Academic integrity bodies (IACIS, university guidance documents) advise treating AI detector scores as one signal, not proof of misconduct. That is a sound standard. But it depends on institutional capacity to conduct actual investigations, which most schools lack.

The real protection is assessment redesign:

Assessment formats that require demonstrated process - revision trails, oral explanation, iterative work shown over time - cannot be outsourced to AI in the same way a one-shot take-home essay can. This is not a silver bullet. Oral assessments create documented performance disadvantages for students with speech or language differences, English learners, and students with anxiety. Any single alternative format relocates inequity rather than eliminating it. The solution is a portfolio of process-oriented formats, not a single swap.
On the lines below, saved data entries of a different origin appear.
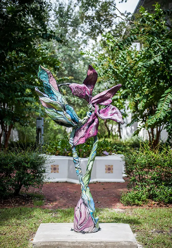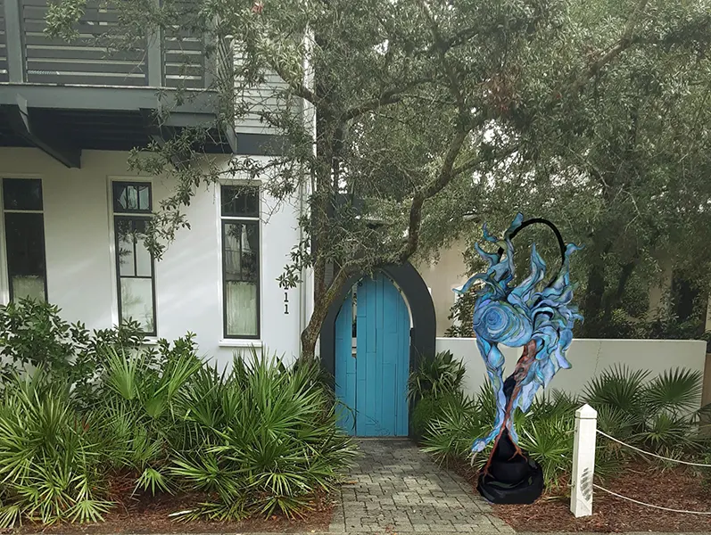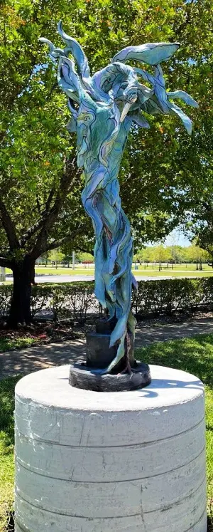 <blockquote>My subject matter has remained rooted in themes of nature, feminine beauty, and animals. Sculptures are created with the intent of bringing a figure to life that is both whimsical and elegant simultaneously. A successful piece exudes something of a life force in an apparent though ephemeral personality. The paradox in the work that the upcycled material is commonly disposed of in ways that affect the very creatures I am creating is important to me. One artistic goal is for my work to speak, draw attention to the use of recycled materials (that are intentionally not obvious): That all works made from recycled material do not have to look like the recycled parts they were crafted from in the final work. I am saddened by what is happening to our wildlife and environment and create my work in an intuitive manner of conversation between upcycled/recycled materials mixed with compounded cement, steel, and a strong affinity: appreciation for all things in nature.</blockquote>
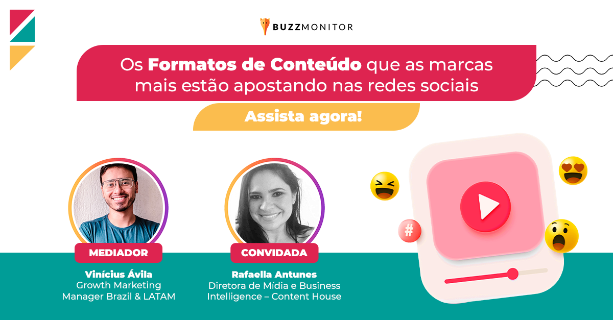 Nesta quinta-feira (8), a Buzzmonitor realizou o Webinar Formatos de Conteúdo, no YouTube. O seminário online abordou os formatos de conteúdos mais utilizados por empresas nas redes sociais e expôs aprendizados do estudo da Buzzmonitor, que analisou 6,1 bilhões de publicações feitas por perfis corporativos nos últimos dois anos a partir da plataforma.
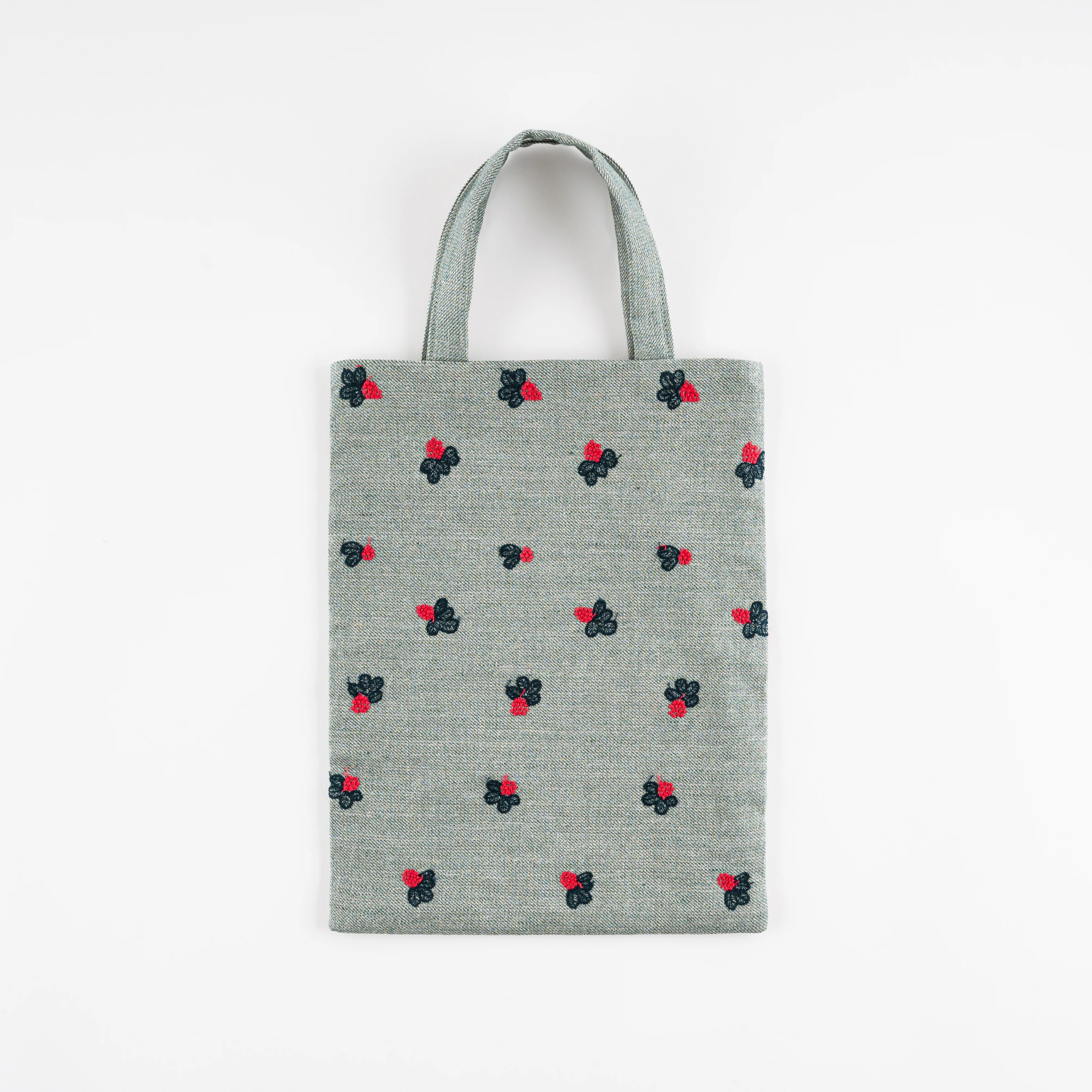 ベリーの刺繍が可憐にほどこされています。
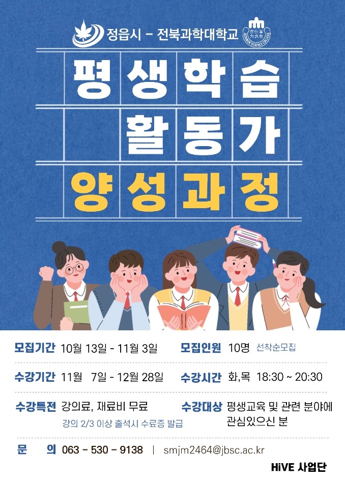 Á¤À¾½Ã´Â ½Ã¹Î¿¡°Ô Æò»ýÇнÀ ¹®È¸¦ È®»êÇϰíÀÚ ÀüºÏ°úÇдëÇб³¿Í ÇÔ²² ÀüºÏ ÃÖÃʷΡ®Æò»ýÇнÀ Ȱµ¿°¡ ¾ç¼º °úÁ¤¡¯À» °³¹ßÇÏ°í ¼ö°»ýÀ» ¸ðÁýÇÑ´Ù.
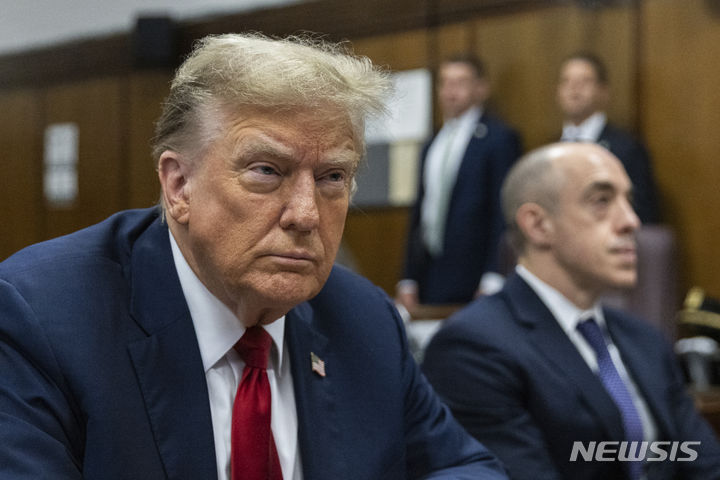 [뉴욕=AP/뉴시스] 미 공화당 대선 후보인 도널드 트럼프 전 대통령이 15일(현지시각) 뉴욕의 맨해튼 형사법원에 출석해 피고인석에 앉아 있다. 트럼프 전 대통령은 법원 출석 전 "전에 없던 정치적 박해"라고 주장하며 "이것은 곧 미국에 대한 공격"이라고 말했다. 그는 2016년 10월 대선을 앞두고 성인영화 배우 스토미 대니얼스와 성 추문을 덮기 위해 개인 변호사였던 마이클 코언을 통해 13만 달러(약 1억7500만 원)를 건네고 회사 장부에 허위로 기재하는 등 34개 혐의를 받고 있다. 2024.04.16.

Some vendors are trying to solve the right problem - most are not:

Two vendors dominate the conversation: Khanmigo (Khan Academy) and MagicSchool AI. Both are at scale. They take fundamentally different approaches.

Khanmigo is student-facing and takes a coaching approach. It asks guiding questions instead of delivering answers, with the intent of keeping the student doing the construction work. That is the right instinct - an attempt to build the good loop into the tool itself.

MagicSchool AI is primarily teacher-facing: rubric generation, lesson planning, differentiation. It reduces the administrative load on teachers, which is important. It does not address the measurement question. It does not ask whether the student can demonstrate what they know without the tool present.

Whether Khanmigo’s design intent translates to actual learning outcomes is a different question - covered in Where it broke.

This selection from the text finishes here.